As you can see below, Laura, Tara, and Jennifer were each intrigued by Women, Sex, Power, and Pleasure by Evelyn Resh (Hay House, March 2013).


The delicious pie recipes in Sweetie-Licious Pies by Linda Hundt (Skirt! Books, October 2013) got Laura's and Tara's attention.


When the train emptied out, Jennifer had fun reading The Fate of Mercy Alban by Wendy Webb (Hyperion, February 2013).


When it was time for our subway adventure to end, Laura, Tara, and Jennifer got a little choked up reading the last book, This Is How You Say Goodbye from Victoria Loustalot (St. Martin's Press, September 2013).


Thanks for joining us on our subway adventure!

For more about our recent books, take a look through the Recent and Upcoming Titles section of our website--all of the books make for great holiday gifts!

Thursday, December 12, 2013

OUR PICNICS IN THE SUN is "a psychological dazzler," "a stunner," "transcendent"

Award-winning mystery author Morag Joss's latest, Our Picnics in the Sun, came out from Delacorte Press/Random House a few weeks ago. Already it's been receiving simply stellar reviews!

Entertainment Weekly called Our Picnics in the Sun a “psychological dazzler” and named it to their “Must Read” list.


The Milwaukee Journal Sentinel recently featured the book in a glowing review. The below excerpt gives you a taste of the book, as well as a sense of how stunning it is:

Told in multiple voices, Joss' novel is a stunner. It's crime fiction the way Kate Atkinson is crime fiction — a novel cleverly plotted around a single event that reaches out across the story in mysterious and menacing ways. Set in an isolated farm in the English moors, Picnics in the Sun examines the lives of Howard and Deborah after Howard has had a debilitating stroke.

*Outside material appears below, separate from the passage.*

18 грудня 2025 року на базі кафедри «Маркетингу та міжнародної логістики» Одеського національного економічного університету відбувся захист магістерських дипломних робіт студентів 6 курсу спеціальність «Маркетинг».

Their marriage is in decay; their lives, like their farmhouse, are crumbling. The plot becomes increasingly suspenseful as a festering event in their past infects their present and a stranger inserts himself cruelly into their lives.

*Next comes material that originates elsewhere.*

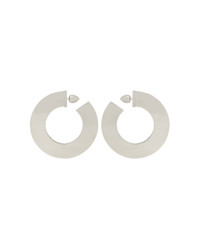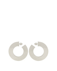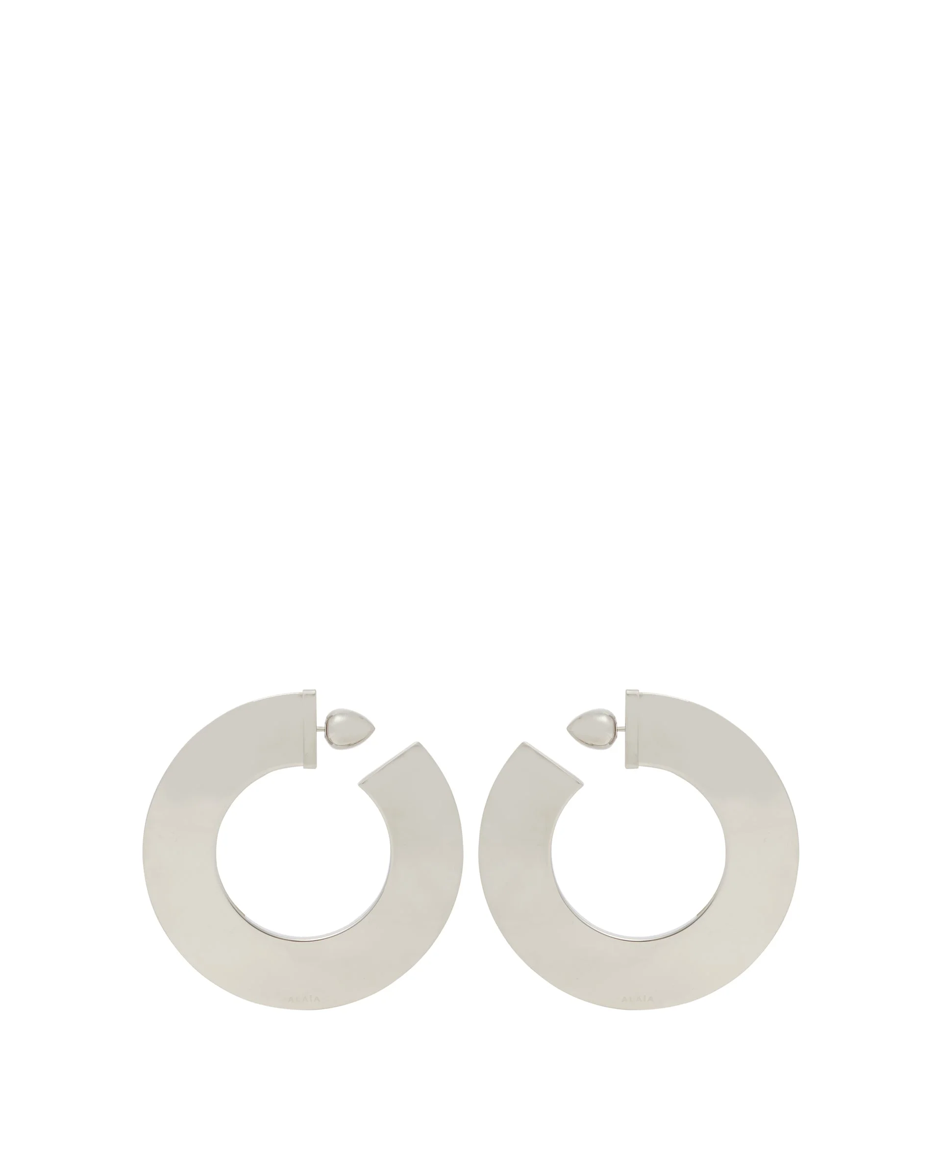 Alaia Silver Blade Hoop Earrings. Brass with a silver finish, spherical design, sharp edges, engraved logo. For pierced ears. DETAILS Model: AAJE1018E006210 Composition: 100% Brass Made in: ITALY Season: FW25-26

Don't miss the full review here.

NPR book critic Maureen Corrigan featured Our Picnics in the Sun on Fresh Air. She said, “In addition to her uncanny powers of storytelling, Joss can capture a world in the space of a few charged words.”

You can listen to the full review below, in which Joss's book is paired up with some other recent reads that came out around the time of that one-in-every-78,000-years holiday, Thanksgivukkah.

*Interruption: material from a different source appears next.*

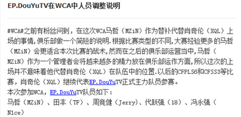 EP.DouYuTv:在这次WCA马哲(MZiN)作为替补代替肖奇伦(XQL)上场的事情,俱乐部做一个简短的说明.根据比赛类型的不同,大赛经验更多的马哲(MZiN)会更适合本次比赛的战术,然而在之后的俱乐部运营当中,马哲(MZiN)作为一个管理者会将越来越多的精力放在俱乐部运作方面,所以这次的上场并不意味着他代替肖奇伦(XQL)在队伍中的位置.以后的CFPL S6和CFS S3等比赛,肖奇伦(XQL)继续代表EP.DouYuTV正式主力队员参赛。

Last but certainly not least, WBUR, Boston's NPR news station, featured Joss and Our Picnics in the Sun in its arts column, The Artery. Other books praised in the same article were Ruth Rendell's No Man's Nightingale and Jayne Anne Phillips's Quiet Dell.

In the article, critic Ed Siegel calls Rendell “the greatest living mystery writer,” but he argues that Joss's work is just as good. “Like Rendell,” he writes, “she's more interested in the psychological framing of her characters than in creating and then solving crimes. [Alice] Munro and William Trevor are more her literary heroes than Agatha Christie or P.D. James.”

Here's an excerpt of some of his other praise:

Our Picnics in the Sun is [Joss's] gutsiest book yet as there seemingly isn’t a likable character in it...Yet it turns out to be every bit as much of a pageturner, and a search for grace, as Quiet Dell. Much of that is due to Joss’s artful writing — the psychological depth of her characters, the description of the English countryside and the trust that one has in her, given the richness of her previous books...I’ve been re-reading parts of the book and I’m agape at what Joss pulls off here. These are two books [Our Picnics in the Sun and Quiet Dell] that not only transcend their genres, they’re just plain transcendent.

You can find the full review in The Artery here.

Clearly, this suspenseful, gripping read isn't one to miss!